In Library and Archives Canada’s digital copy of the original minutes, the entry for September starts here on p. 260.

Minute Book 3: 1728-March: Mohawk Leaders Ask About Missing Kahnawake Hunters and Bring News of French Plans to Attack Oswego; The Six Nations Complain About Insults and High Prices at Oswego; The Garrison Needs Food

News from Mohawk Country

The Mohawk leaders Hendrick and Seth met with the Commissioners of Indian Affairs on March third. They said that two “Onnogonque indians” who had moved from Canada to live with the Haudenosaunee at Oriskany had come to a Mohawk castle (i.e. town) from hunting at the little falls on Wood Creek with other Canada Indians.  Two Kahnawake Indians had inquired about the three hunters from Kahnawake who had disappeared on the New England frontier.  Hendrick and Seth asked their “brethren at Albany” for news about the missing hunters, but the commissioners’ response is not recorded.

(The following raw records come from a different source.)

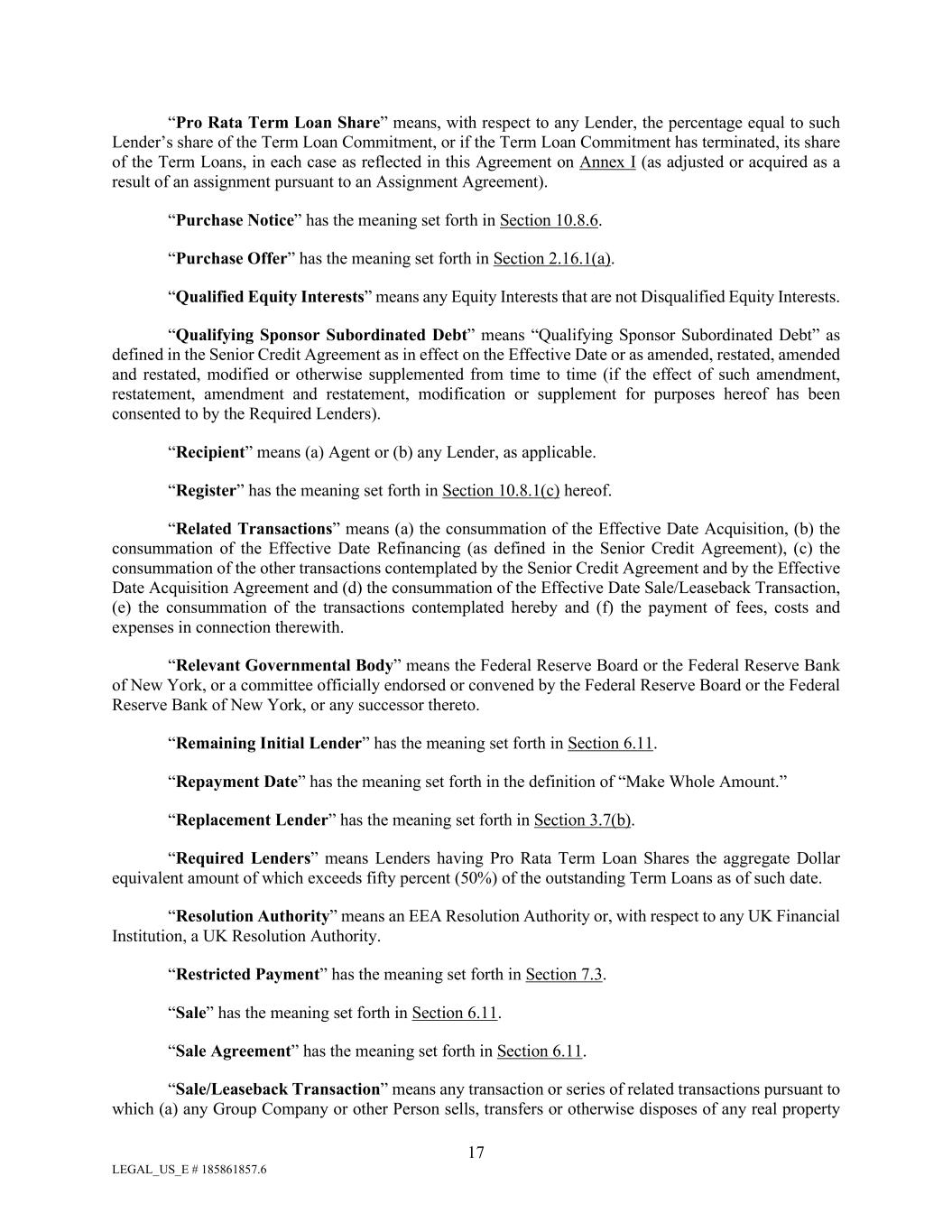 17 LEGAL_US_E # 185861857.6 “Pro Rata Term Loan Share” means, with respect to any Lender, the percentage equal to such Lender’s share of the Term Loan Commitment, or if the Term Loan Commitment has terminated, its share of the Term Loans, in each case as reflected in this Agreement on Annex I (as adjusted or acquired as a result of an assignment pursuant to an Assignment Agreement). “Purchase Notice” has the meaning set forth in Section 10.8.6. “Purchase Offer” has the meaning set forth in Section 2.16.1(a). “Qualified Equity Interests” means any Equity Interests that are not Disqualified Equity Interests. “Qualifying Sponsor Subordinated Debt” means “Qualifying Sponsor Subordinated Debt” as defined in the Senior Credit Agreement as in effect on the Effective Date or as amended, restated, amended and restated, modified or otherwise supplemented from time to time (if the effect of such amendment, restatement, amendment and restatement, modification or supplement for purposes hereof has been consented to by the Required Lenders). “Recipient” means (a) Agent or (b) any Lender, as applicable. “Register” has the meaning set forth in Section 10.8.1(c) hereof. “Related Transactions” means (a) the consummation of the Effective Date Acquisition, (b) the consummation of the Effective Date Refinancing (as defined in the Senior Credit Agreement), (c) the consummation of the other transactions contemplated by the Senior Credit Agreement and by the Effective Date Acquisition Agreement and (d) the consummation of the Effective Date Sale/Leaseback Transaction, (e) the consummation of the transactions contemplated hereby and (f) the payment of fees, costs and expenses in connection therewith. “Relevant Governmental Body” means the Federal Reserve Board or the Federal Reserve Bank of New York, or a committee officially endorsed or convened by the Federal Reserve Board or the Federal Reserve Bank of New York, or any successor thereto. “Remaining Initial Lender” has the meaning set forth in Section 6.11. “Repayment Date” has the meaning set forth in the definition of “Make Whole Amount.” “Replacement Lender” has the meaning set forth in Section 3.7(b). “Required Lenders” means Lenders having Pro Rata Term Loan Shares the aggregate Dollar equivalent amount of which exceeds fifty percent (50%) of the outstanding Term Loans as of such date. “Resolution Authority” means an EEA Resolution Authority or, with respect to any UK Financial Institution, a UK Resolution Authority. “Restricted Payment” has the meaning set forth in Section 7.3. “Sale” has the meaning set forth in Section 6.11. “Sale Agreement” has the meaning set forth in Section 6.11. “Sale/Leaseback Transaction” means any transaction or series of related transactions pursuant to which (a) any Group Company or other Person sells, transfers or otherwise disposes of any real property
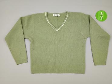 Sweter damski T&L, rozmiar L/XL - Kolor: oliwkowa zieleń - Fason: klasyczny, z dekoltem w serek (V-neck) - Długi rękaw, ściągacze przy mankietach i u dołu - Przód z ozdobnym, wypukłym splotem typu ...
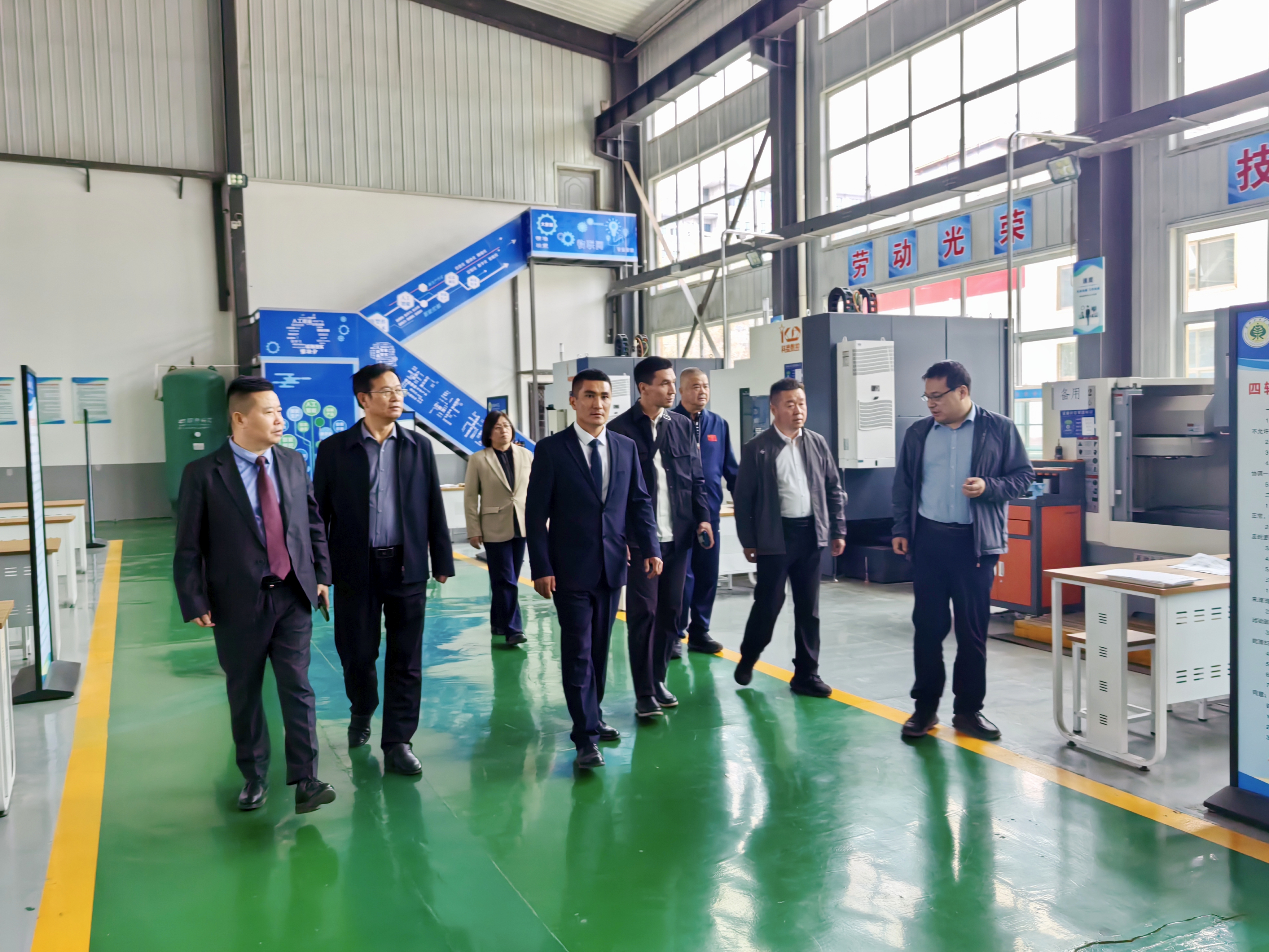 吉爾吉斯斯坦代表一行參觀了我校智能制造實訓基地,張開禮詳細介紹了學校在新能源汽車技術、智能制造等專業(yè)領域的實訓設施和取得的教學成果。
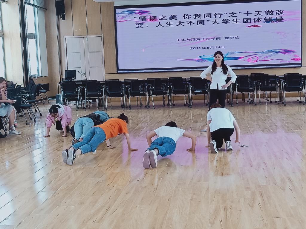 2019年5月14日中午,“十天微改变,人生大不同”老员工团体辅导活动在通灌校区诚意楼路演厅成功开展。本次活动由伟德国际bevictor1946与理公司合办,辅导员卞辉老师和尚凌宇老师负责主持和组织,通过招募宣传、自主报名、招募会谈等环节,最终共有34名同学成功参加。

Hendrick and Seth also said that the Kahnawake Indians told the Mohawks that an army of a thousand Frenchmen were marching on Oswego.  The Mohawks immediately sent a messenger with wampum to inform the rest of the Six Nations.  They acknowledged the English advice to the Six Nations the previous summer urging them to keep their men at home to defend Oswego rather than allowing them to go to war elsewhere.

The English Won’t Let Indians Inside Fort Oswego and Powder is Too Expensive

On March 14th, an unnamed leader from Oneida complained to the commissioners about the situation at Oswego. He spoke in the name of the entire Six Nations. There may have been other Six Nations representatives present, since the commissioners responded using the term “Brethren.”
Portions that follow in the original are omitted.